Start of DATA PROVIDED

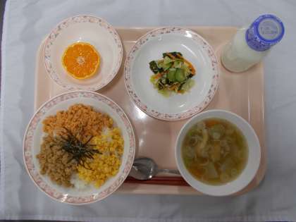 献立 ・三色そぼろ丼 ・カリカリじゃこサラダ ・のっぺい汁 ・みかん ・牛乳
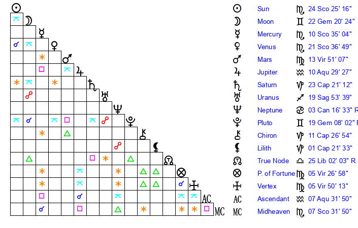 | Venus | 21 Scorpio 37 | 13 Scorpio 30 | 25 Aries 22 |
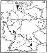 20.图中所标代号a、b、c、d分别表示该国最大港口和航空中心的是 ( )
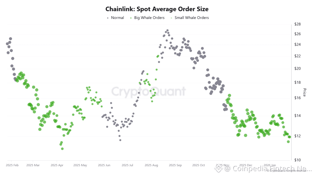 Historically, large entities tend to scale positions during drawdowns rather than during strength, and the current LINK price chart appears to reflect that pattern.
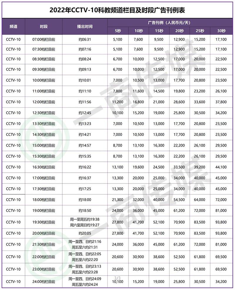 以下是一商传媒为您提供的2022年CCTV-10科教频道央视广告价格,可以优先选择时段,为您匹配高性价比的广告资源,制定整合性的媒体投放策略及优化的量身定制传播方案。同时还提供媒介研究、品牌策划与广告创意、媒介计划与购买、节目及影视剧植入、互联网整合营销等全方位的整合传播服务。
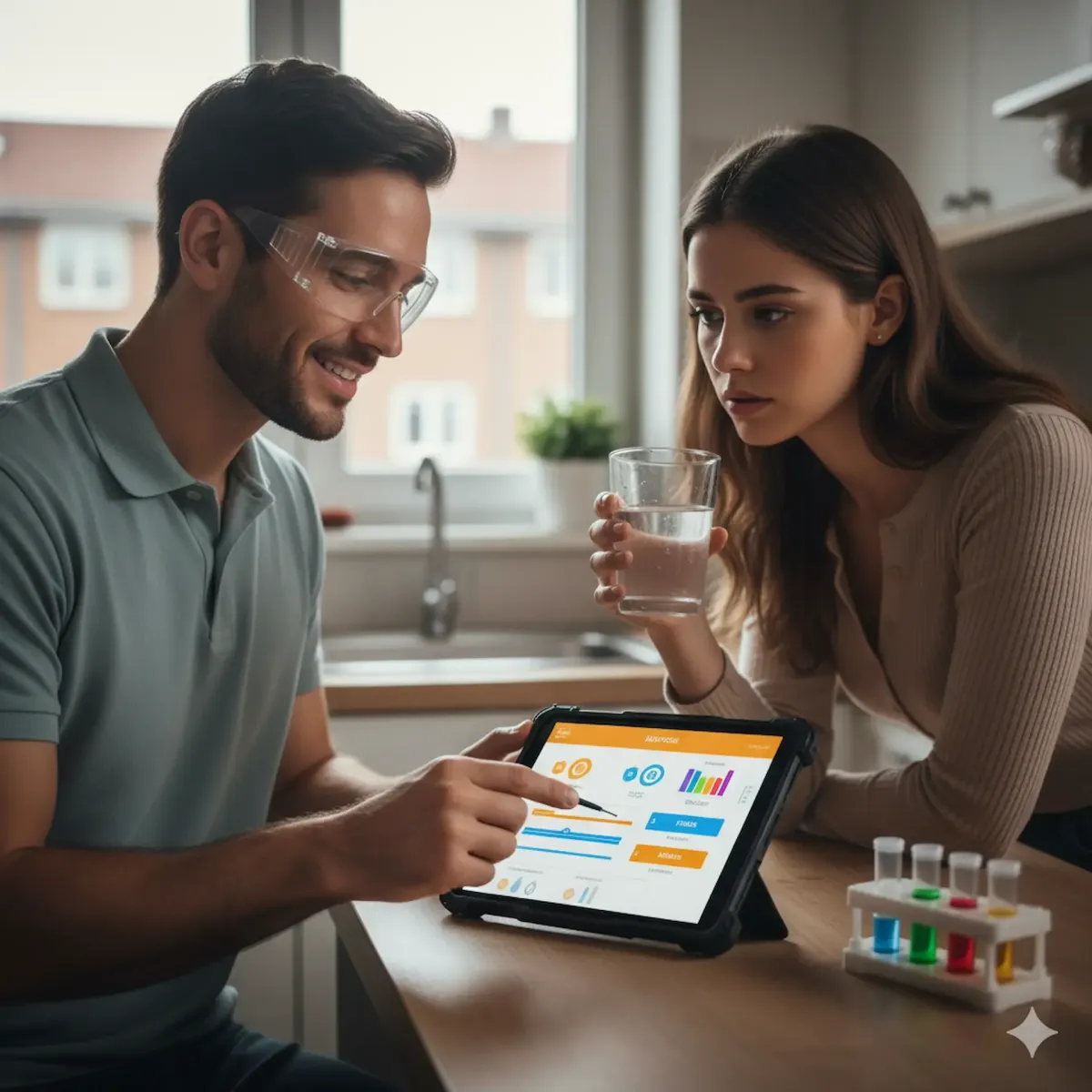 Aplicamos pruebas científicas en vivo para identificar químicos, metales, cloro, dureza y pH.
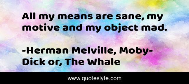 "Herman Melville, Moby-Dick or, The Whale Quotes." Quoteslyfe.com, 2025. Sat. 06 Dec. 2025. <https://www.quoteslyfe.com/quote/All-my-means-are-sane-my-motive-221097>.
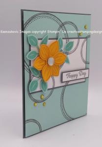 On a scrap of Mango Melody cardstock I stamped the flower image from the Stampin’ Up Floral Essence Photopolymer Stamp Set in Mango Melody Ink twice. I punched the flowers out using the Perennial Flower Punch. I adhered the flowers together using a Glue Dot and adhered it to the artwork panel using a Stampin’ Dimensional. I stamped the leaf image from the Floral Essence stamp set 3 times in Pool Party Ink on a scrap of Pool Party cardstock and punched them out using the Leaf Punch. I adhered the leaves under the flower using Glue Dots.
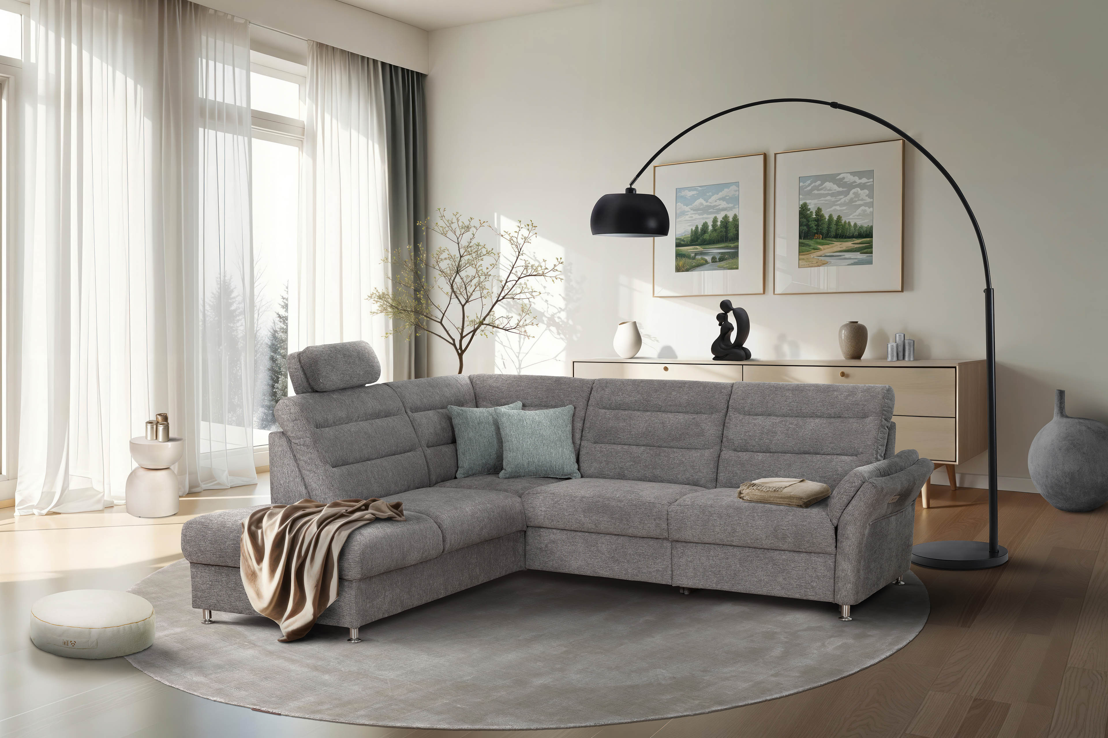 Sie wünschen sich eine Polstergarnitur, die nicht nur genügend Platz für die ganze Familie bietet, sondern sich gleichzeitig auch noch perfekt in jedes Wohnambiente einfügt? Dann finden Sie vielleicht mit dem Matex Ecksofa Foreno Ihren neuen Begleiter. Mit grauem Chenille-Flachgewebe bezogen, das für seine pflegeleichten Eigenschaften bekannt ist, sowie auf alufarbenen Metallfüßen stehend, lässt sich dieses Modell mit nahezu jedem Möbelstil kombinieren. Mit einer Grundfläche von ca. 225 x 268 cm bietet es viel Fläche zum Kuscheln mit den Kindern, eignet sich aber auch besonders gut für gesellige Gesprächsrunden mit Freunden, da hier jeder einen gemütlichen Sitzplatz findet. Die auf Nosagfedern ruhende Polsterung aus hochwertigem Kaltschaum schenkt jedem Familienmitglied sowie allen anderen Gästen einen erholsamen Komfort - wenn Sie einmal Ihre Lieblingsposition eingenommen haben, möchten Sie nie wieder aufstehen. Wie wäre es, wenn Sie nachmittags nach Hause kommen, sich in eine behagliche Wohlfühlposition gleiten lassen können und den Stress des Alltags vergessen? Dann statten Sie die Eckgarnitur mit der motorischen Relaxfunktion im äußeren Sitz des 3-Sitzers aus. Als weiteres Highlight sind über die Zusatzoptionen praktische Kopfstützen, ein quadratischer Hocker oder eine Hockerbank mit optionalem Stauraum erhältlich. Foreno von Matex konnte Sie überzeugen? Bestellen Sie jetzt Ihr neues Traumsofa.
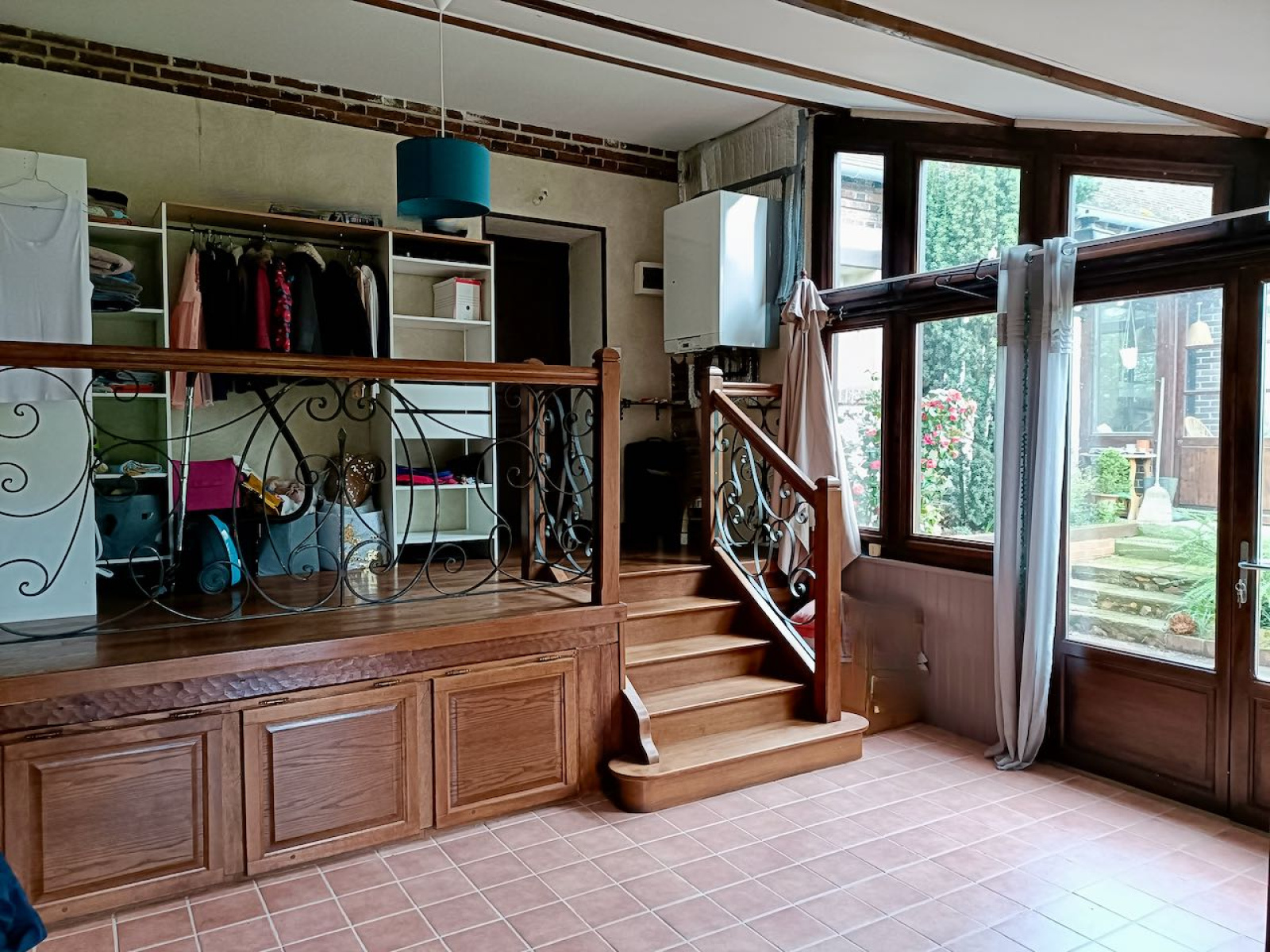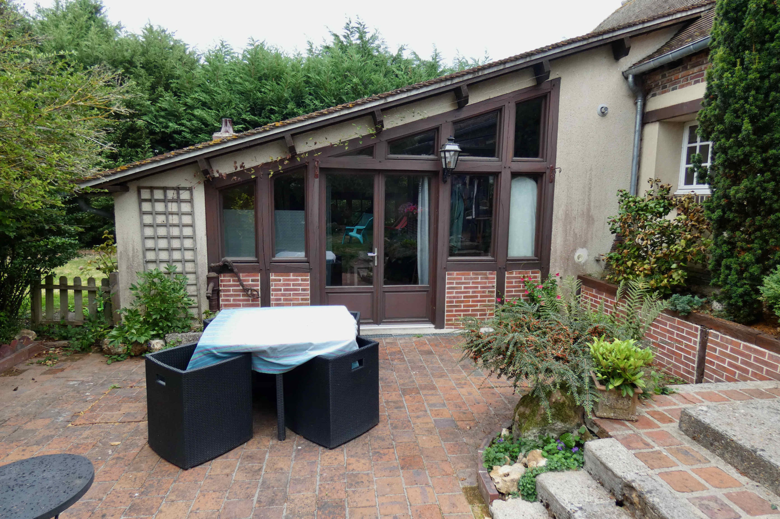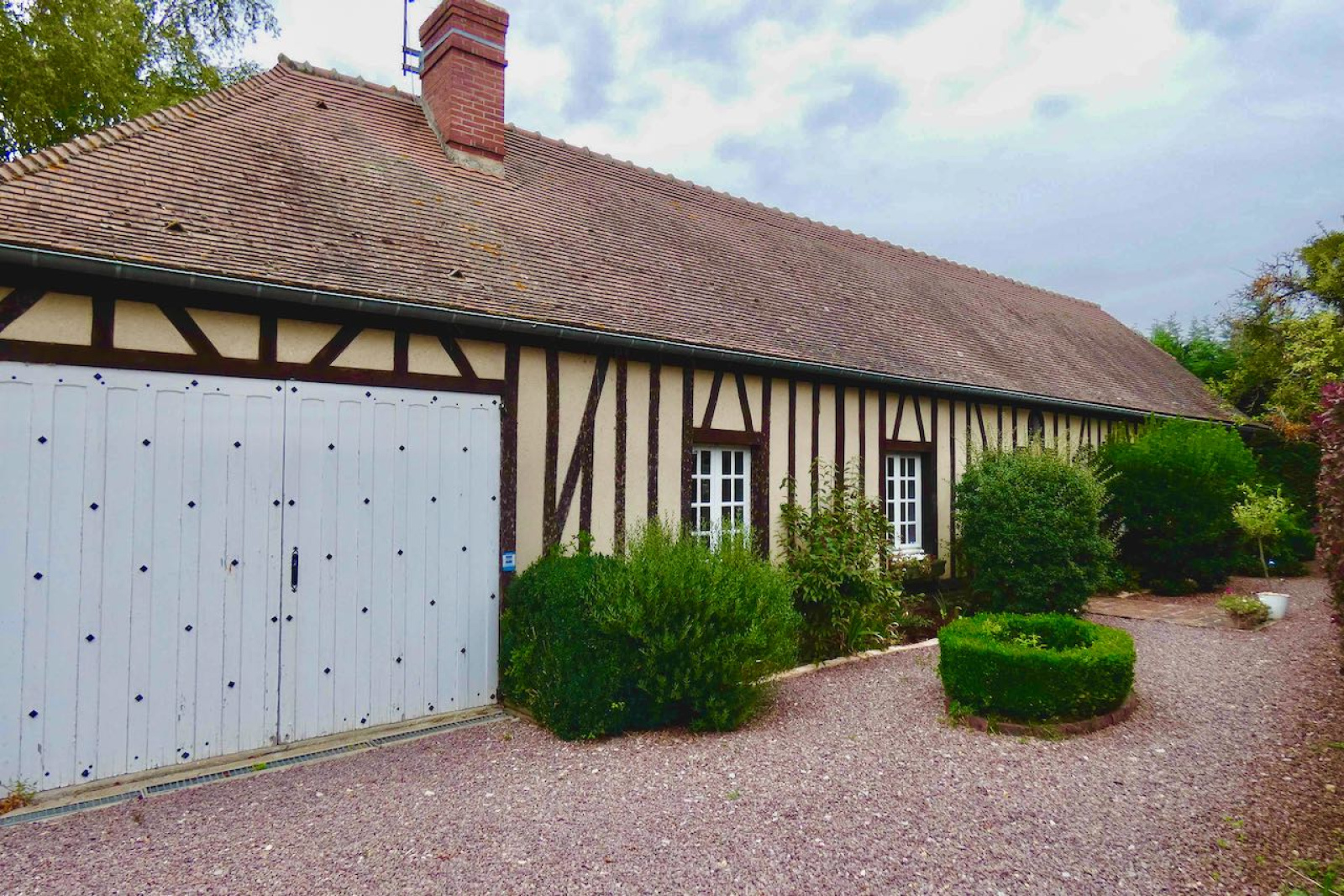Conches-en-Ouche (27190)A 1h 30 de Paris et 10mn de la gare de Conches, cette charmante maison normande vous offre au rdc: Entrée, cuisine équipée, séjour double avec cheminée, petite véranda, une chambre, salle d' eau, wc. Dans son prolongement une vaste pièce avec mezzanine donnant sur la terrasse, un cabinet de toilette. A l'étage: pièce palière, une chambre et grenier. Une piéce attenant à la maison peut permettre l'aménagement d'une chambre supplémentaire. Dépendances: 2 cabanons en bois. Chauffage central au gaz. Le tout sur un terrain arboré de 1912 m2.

End of DATA PROVIDED

YOUR ASSIGNMENT: Now transcribe all the entries above exactly, so that no picture is carried over.

TASK RESPONSE:
 献立 ・三色そぼろ丼 ・カリカリじゃこサラダ ・のっぺい汁 ・みかん ・牛乳
 | Venus | 21 Scorpio 37 | 13 Scorpio 30 | 25 Aries 22 |
 20.图中所标代号a、b、c、d分别表示该国最大港口和航空中心的是 ( )
 Historically, large entities tend to scale positions during drawdowns rather than during strength, and the current LINK price chart appears to reflect that pattern.
 以下是一商传媒为您提供的2022年CCTV-10科教频道央视广告价格,可以优先选择时段,为您匹配高性价比的广告资源,制定整合性的媒体投放策略及优化的量身定制传播方案。同时还提供媒介研究、品牌策划与广告创意、媒介计划与购买、节目及影视剧植入、互联网整合营销等全方位的整合传播服务。
 Aplicamos pruebas científicas en vivo para identificar químicos, metales, cloro, dureza y pH.
 "Herman Melville, Moby-Dick or, The Whale Quotes." Quoteslyfe.com, 2025. Sat. 06 Dec. 2025. <https://www.quoteslyfe.com/quote/All-my-means-are-sane-my-motive-221097>.
 On a scrap of Mango Melody cardstock I stamped the flower image from the Stampin’ Up Floral Essence Photopolymer Stamp Set in Mango Melody Ink twice. I punched the flowers out using the Perennial Flower Punch. I adhered the flowers together using a Glue Dot and adhered it to the artwork panel using a Stampin’ Dimensional. I stamped the leaf image from the Floral Essence stamp set 3 times in Pool Party Ink on a scrap of Pool Party cardstock and punched them out using the Leaf Punch. I adhered the leaves under the flower using Glue Dots.
 Sie wünschen sich eine Polstergarnitur, die nicht nur genügend Platz für die ganze Familie bietet, sondern sich gleichzeitig auch noch perfekt in jedes Wohnambiente einfügt? Dann finden Sie vielleicht mit dem Matex Ecksofa Foreno Ihren neuen Begleiter. Mit grauem Chenille-Flachgewebe bezogen, das für seine pflegeleichten Eigenschaften bekannt ist, sowie auf alufarbenen Metallfüßen stehend, lässt sich dieses Modell mit nahezu jedem Möbelstil kombinieren. Mit einer Grundfläche von ca. 225 x 268 cm bietet es viel Fläche zum Kuscheln mit den Kindern, eignet sich aber auch besonders gut für gesellige Gesprächsrunden mit Freunden, da hier jeder einen gemütlichen Sitzplatz findet. Die auf Nosagfedern ruhende Polsterung aus hochwertigem Kaltschaum schenkt jedem Familienmitglied sowie allen anderen Gästen einen erholsamen Komfort - wenn Sie einmal Ihre Lieblingsposition eingenommen haben, möchten Sie nie wieder aufstehen. Wie wäre es, wenn Sie nachmittags nach Hause kommen, sich in eine behagliche Wohlfühlposition gleiten lassen können und den Stress des Alltags vergessen? Dann statten Sie die Eckgarnitur mit der motorischen Relaxfunktion im äußeren Sitz des 3-Sitzers aus. Als weiteres Highlight sind über die Zusatzoptionen praktische Kopfstützen, ein quadratischer Hocker oder eine Hockerbank mit optionalem Stauraum erhältlich. Foreno von Matex konnte Sie überzeugen? Bestellen Sie jetzt Ihr neues Traumsofa.
Conches-en-Ouche (27190)A 1h 30 de Paris et 10mn de la gare de Conches, cette charmante maison normande vous offre au rdc: Entrée, cuisine équipée, séjour double avec cheminée, petite véranda, une chambre, salle d' eau, wc. Dans son prolongement une vaste pièce avec mezzanine donnant sur la terrasse, un cabinet de toilette. A l'étage: pièce palière, une chambre et grenier. Une piéce attenant à la maison peut permettre l'aménagement d'une chambre supplémentaire. Dépendances: 2 cabanons en bois. Chauffage central au gaz. Le tout sur un terrain arboré de 1912 m2.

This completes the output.